# Right side cut off



## Claire (Jul 19, 2007)

Ok, why, all of a sudden (the past couple of days) the right side of my page when I use this forum is cut off.  I need to move it every time I go from one page to another.  Oh, I must say, the left side (where the ads are) is never cut off.  Just the text.  If I want to know what to buy and where to buy it, it is all there.  By the way, I have never, ever purchased anything advertised on this or any other site, I understand the need to pay for the site, but please, please, if something has to go, don't make it the text I'm trying to read.


----------



## Mrs. Cuillo (Jul 19, 2007)

That stinks Claire...I understand how it can be frustrating.  I am sure an admin will be along shortly to help you out.  Just hold tight!!


----------



## Alix (Jul 19, 2007)

Claire, do you have your screen maximized? I know that happens to me if I am not maxed. Also, the default is to have the page all the way to the left, just the way it is for those of us who read from left to right.


----------



## Caine (Jul 19, 2007)

This problem also occurs if someone posts a picture which is wider than the normal column size of this site.
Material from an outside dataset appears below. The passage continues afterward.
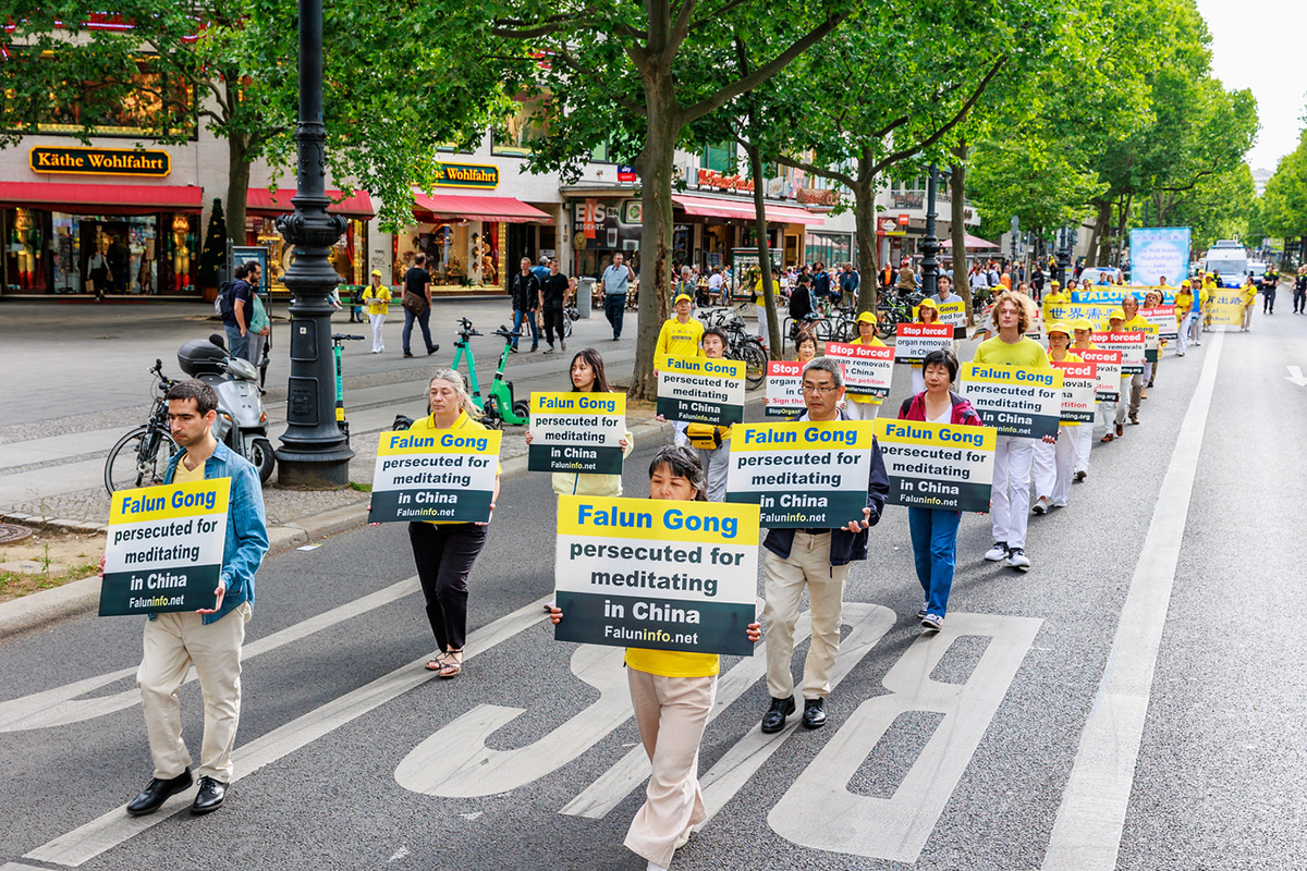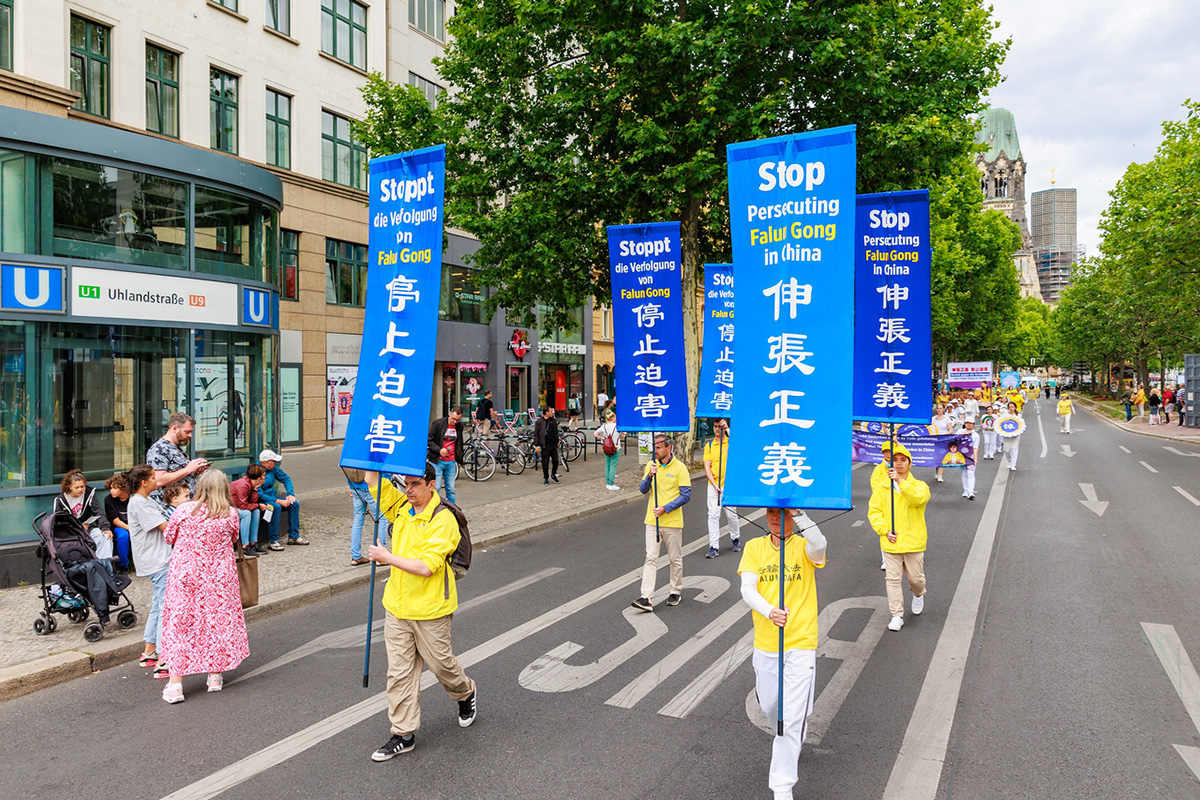 这次法轮功学员特意安排了两天游行活动,十五日在原西柏林、十六日在原东柏林,想让更多民众了解法轮功是什么,以及中共迫害法轮功和活摘法轮功学员器官的罪恶。学员的活动得到民众的支持。

Could anyone posting pictures PLEASE use some type of graphics software (Paint comes FREE with any Windows operating system and can be acessed by clicking Start>All Programs>Accessories>Paint) to reduce not only the DPI of your photos, but also the dimensions?  96 dpi is the perfect size for on-screen viewing with any Windows product, and a 5-inch width should stop the graphic from "stretching" the display.


----------



## keltin (Jul 19, 2007)

Caine said:
			
		

> This problem also occurs if someone posts a picture which is wider than the normal column size of this site.
> 
> Could anyone posting pictures PLEASE use some type of graphics software (Paint comes FREE with any Windows operating system and can be acessed by clicking Start>All Programs>Accessories>Paint) to reduce not only the DPI of your photos, but also the dimensions? 96 dpi is the perfect size for on-screen viewing with any Windows product, and a 5-inch width should stop the graphic from "stretching" the display.


 
I was thinking the same thing, it sounds like Claire is viewing a “stretched” board. Perhaps she viewed a picture that stretched it and the rest of the pages got stuck?


Claire, what resolution are you viewing? I use 1024x768 on one monitor and DC works fine. My other PC uses 1280x1024, and that too works fine. I do get occasional stretching with pictures on the 1024x768 PC. 

Try deleting your browser cache and see if that helps.


----------